St George's University Hospitals NHS Foundation Trust

St George's University Hospitals NHS Foundation Trust, formerly called St George’s Healthcare NHS Trust, is based in Tooting in the London Borough of Wandsworth, and serves a population of 1.3 million across southwest London. A large number of services, such as cardiothoracic medicine and surgery, neurosciences and renal transplantation, also cover significant populations from Surrey and Sussex, totalling about 3.5 million people.

The trust employs around 7,500 staff in a range of occupations and professions working together to provide healthcare services for patients.

On 1 October 2010 St George’s Healthcare integrated with Community Services Wandsworth, formerly the provider arm of NHS Wandsworth. This integration saw Community Services Wandsworth become the Community Services Wandsworth division of St George’s Healthcare NHS Trust, with the 1,200 members of staff becoming employees of St George’s Healthcare under TUPE.

St George’s Healthcare incorporates St George’s Hospital in Tooting and a full range of community services provided at Queen Mary’s Hospital in Roehampton, St John’s Therapy Centre in Battersea, HMP Wandsworth, health centres and clinics, GP surgeries, schools and in people’s homes throughout Wandsworth.

St George's Hospital

St George’s Hospital is one of the UK's largest teaching hospitals. It shares its main hospital site in Tooting, England with the renowned St George's, University of London which trains NHS staff and carries out advanced medical research.

The hospital has around 1,000 beds and provides all the usual care you would expect from a local NHS hospital, such as accident and emergency, maternity services and care for older people and children. However, as a major acute hospital, St George's Hospital also offers very specialist care for the most complex of injuries and illnesses, including trauma, neurology, cardiac care, renal transplantation, cancer care and stroke. It is also home to one of four major trauma centres and one of eight hyper-acute stroke units for London.

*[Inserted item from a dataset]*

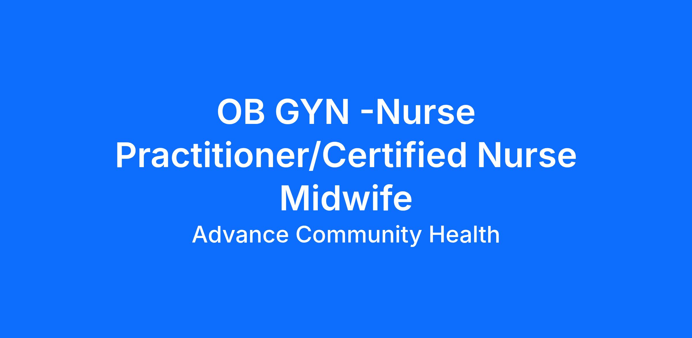 Join Advance Community Health as a FT/PT Nurse Practitioner/Certified Nurse Midwife for our OB-GYN / Women's Center at our Southeast Raleigh location. The OB/GYN Nurse Practitioner plays a crucial role in providing comprehensive healthcare services to women throughout their reproductive lives. This position involves conducting full scope women's care including, well-women checks, family planning, pre-natal care, diagnosing conditions, and developing treatment plans tailored to each patient's needs. The Nurse Practitioner will collaborate with physicians and other healthcare professionals to ensure high-quality care and patient education. Ultimately, the goal of this role is to enhance the health and well-being of patients while promoting preventive care and education.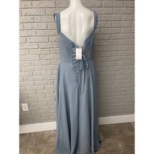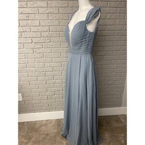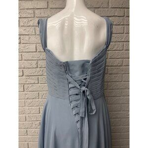 Happy Wedding Blue Pleated Lace-Up Back Bridesmaid Gown Size 12

St George's Hospital also provides care for patients from a larger catchment area in the South East of England, for specialties such as complex pelvic trauma. Other services treat patients from all over the country, such as family HIV care and bone marrow transplantation for non-cancer diseases. The trust also provides a nationwide state-of-the-art endoscopy training centre.

St John's Therapy Centre

Opened in February 2007 on the same site as its predecessor building, St John's Therapy Centre in Battersea brings together community-based therapy services, a mental health unit and two GP practices, bringing a range of multi-disciplinary professionals closer together. In December 2008, all St George's Healthcare services formerly provided at the Bolingbroke Hospital in Battersea, were relocated to St John's.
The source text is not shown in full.